Water ETFs Explained: What They Are and How They Work

Water ETFs let investors tap into utilities, infrastructure and treatment companies tackling global water scarcity.

Water ETFs are exchange traded funds that bundle together stocks of utilities, infrastructure firms and treatment companies working on one of the planet's most pressing problems: making sure clean water reaches the people who need it. For investors, they offer a way to back that effort without picking individual water stocks one by one.

Why Water Keeps Drawing Investor Attention

About 2 billion people worldwide still lack access to clean, safe water, according to industry estimates, and that gap alone explains why money keeps flowing into this corner of the market. Water infrastructure underpins agriculture, food production and basic public health, yet the companies and utilities running it face budget shortfalls, aging pipes, drought, overused groundwater and years of underinvestment. Water ETFs first appeared in 2005, and their popularity has tracked global water stress ever since: more headlines about scarcity tend to bring more capital into the sector, though returns still rise and fall with broader markets.

These funds work like any other ETF. Sponsors (also called issuers) assemble and manage the fund, market makers keep shares trading smoothly on exchanges, and authorized participants, often large banks such as Morgan Stanley or JPMorgan Chase, create and redeem shares to keep the ETF's price in line with the value of its underlying holdings. Share prices are set by net asset value, calculated from the fund's holdings divided by shares outstanding. Before buying in, it pays to check a fund's expense ratio, assets under management, liquidity and what it actually holds underneath the hood.

What These Funds Typically Hold

Names like Danaher, Ecolab and Pentair show up across many water ETFs because they build the technology and services used to treat, move and conserve water. The Global X Clean Water ETF, for instance, targets companies producing clean water through industrial treatment and storage. Beyond the holdings themselves, the appeal for investors includes diversification across utilities, infrastructure and technology subsectors, exposure to international water companies, and a degree of inflation protection since utilities can often pass rising costs on to customers. Because water demand rarely disappears even in a downturn, the sector has also shown a tendency toward steadier, if unspectacular, returns.

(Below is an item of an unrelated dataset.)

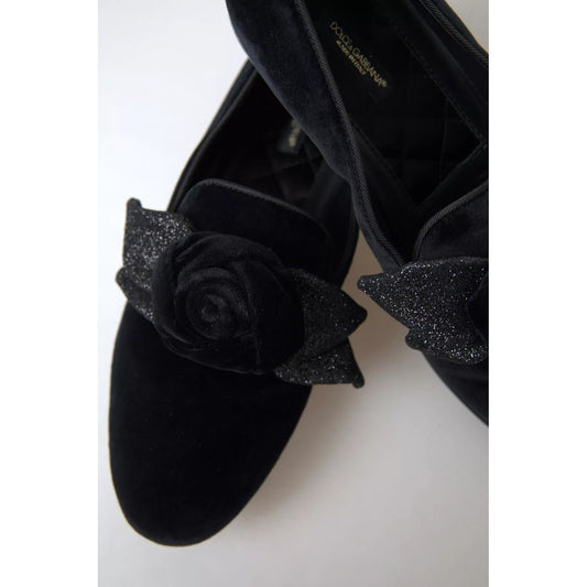 Dolce & Gabbana Black Velvet Crystals Loafers Flats Shoes

Three funds stand out by assets under management as of August 14, 2025. Invesco Water Resources (PHO) tracks the Nasdaq OMX U.S. Water Index, charges a 0.59 percent expense ratio and holds roughly $2.26 billion in assets. First Trust Water (FIW) follows the ISE Clean Edge Water Index, charges 0.51 percent and manages about $1.93 billion. Invesco S&P Global Water Index ETF (CGW) tracks 50 of the largest water related companies worldwide, charges 0.56 percent and holds close to $1.02 billion.

A utility worker monitors valves and gauges inside a water treatment control room.

Where the Risk Actually Sits

Concentration is the biggest one. Because these are thematic ETFs focused on a narrow slice of the economy, a downturn hitting water utilities or a handful of large holdings can drag the whole fund down. Regulatory shifts around environmental policy can raise costs for water companies overnight, and disclosure around corporate water practices remains inconsistent, making it genuinely hard to judge whether a company's environmental claims match reality. Some funds also trade thinly, which can complicate getting in or out of a position at a fair price. None of this cancels out the case for water ETFs as a way to gain diversified, long term exposure to a resource nobody can live without, but it does mean checking a fund's strategy, expense ratio and holdings before committing money, and revisiting that fit with a financial advisor as goals or risk tolerance change.